Your goal
Print them exactly: the lines from the beginning of the entries below through the line that contains "Erythromycin: Sử dụng", and only those, with the pictures left out.

--------------------------------

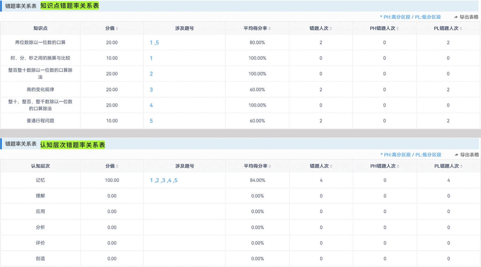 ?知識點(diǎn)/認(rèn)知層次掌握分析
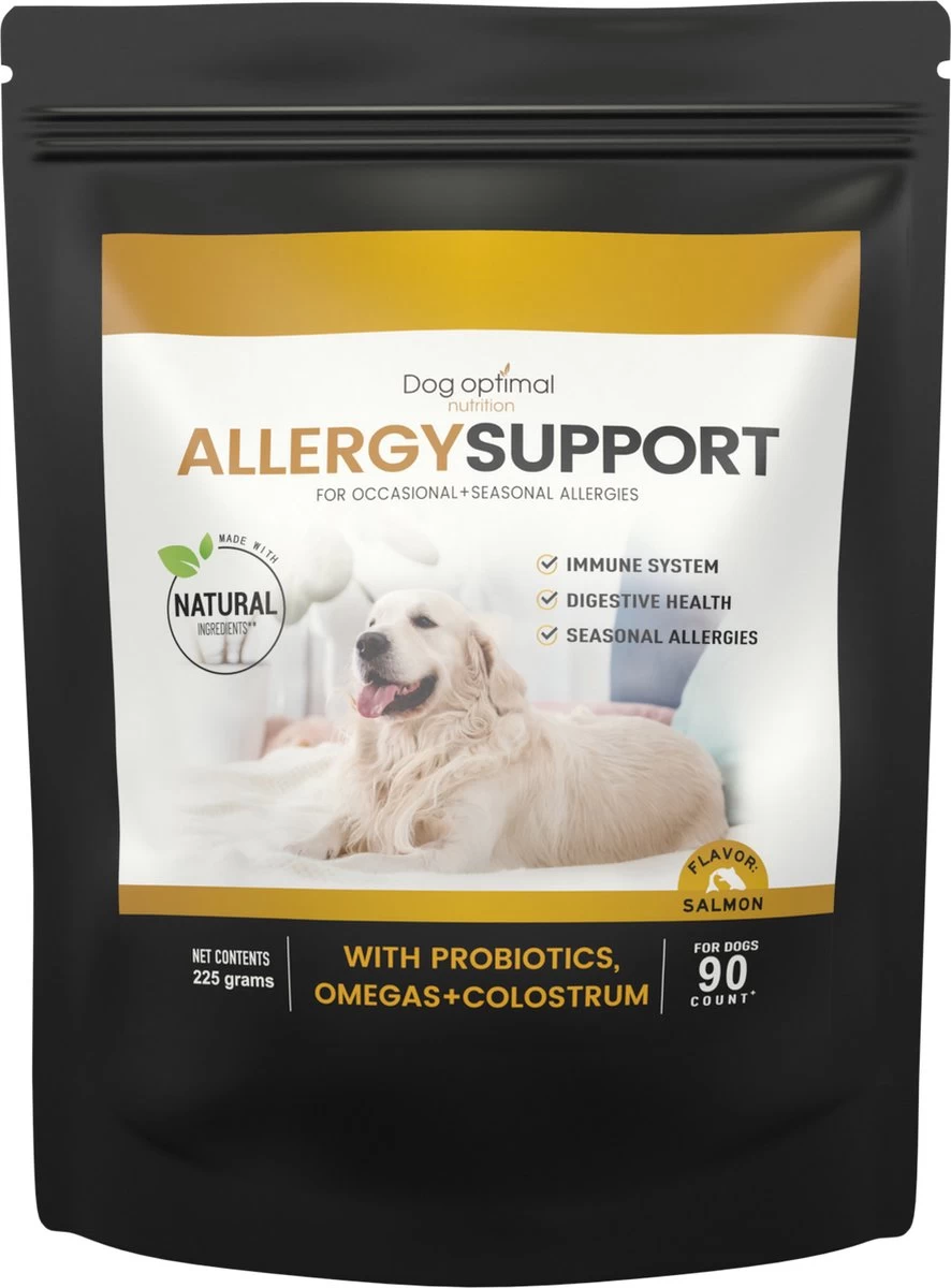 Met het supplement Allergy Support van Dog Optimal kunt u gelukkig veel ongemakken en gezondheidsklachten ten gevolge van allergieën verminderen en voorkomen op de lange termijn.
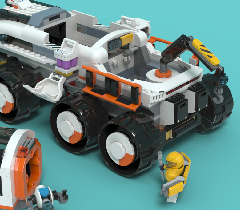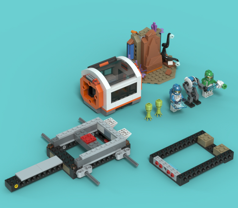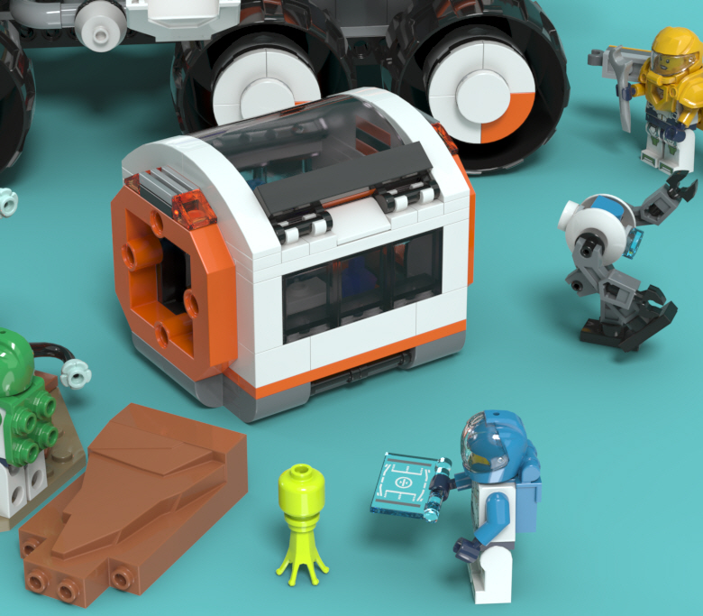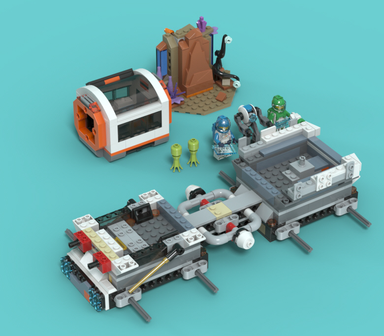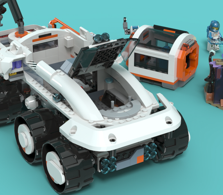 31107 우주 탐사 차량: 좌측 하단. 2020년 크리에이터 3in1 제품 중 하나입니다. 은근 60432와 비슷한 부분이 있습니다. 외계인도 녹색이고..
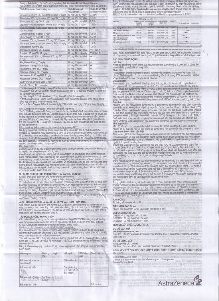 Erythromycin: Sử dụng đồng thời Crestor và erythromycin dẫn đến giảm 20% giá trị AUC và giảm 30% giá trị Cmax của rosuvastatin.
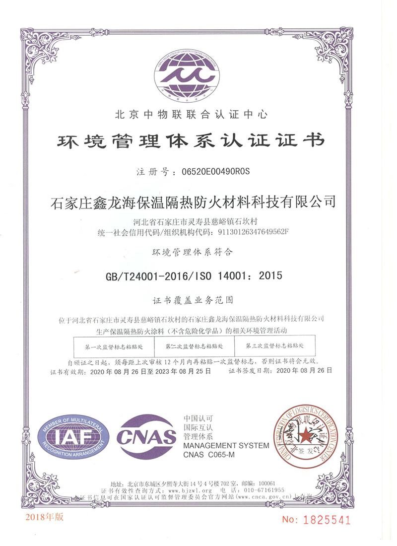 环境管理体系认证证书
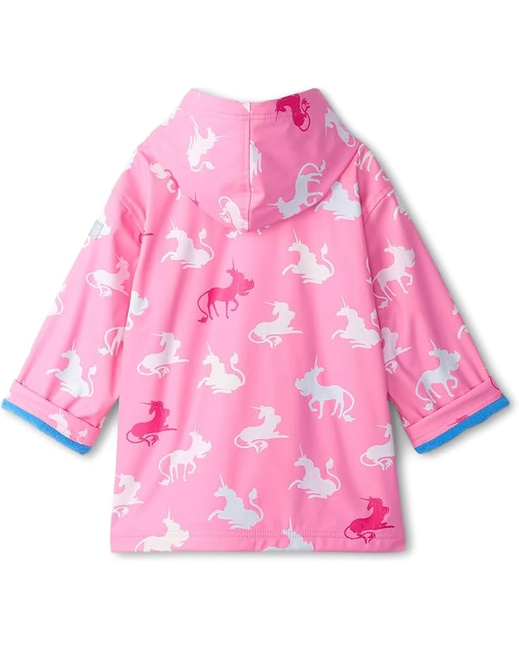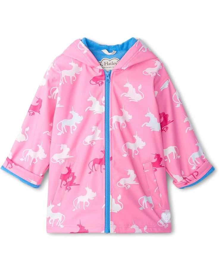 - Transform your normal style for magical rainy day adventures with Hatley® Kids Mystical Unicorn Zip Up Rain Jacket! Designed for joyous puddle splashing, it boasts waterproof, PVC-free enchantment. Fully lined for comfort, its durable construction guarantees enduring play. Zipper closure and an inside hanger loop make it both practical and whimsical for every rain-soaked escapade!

--------------------------------

Result
 ?知識點(diǎn)/認(rèn)知層次掌握分析
 Met het supplement Allergy Support van Dog Optimal kunt u gelukkig veel ongemakken en gezondheidsklachten ten gevolge van allergieën verminderen en voorkomen op de lange termijn.
 31107 우주 탐사 차량: 좌측 하단. 2020년 크리에이터 3in1 제품 중 하나입니다. 은근 60432와 비슷한 부분이 있습니다. 외계인도 녹색이고..
 Erythromycin: Sử dụng đồng thời Crestor và erythromycin dẫn đến giảm 20% giá trị AUC và giảm 30% giá trị Cmax của rosuvastatin.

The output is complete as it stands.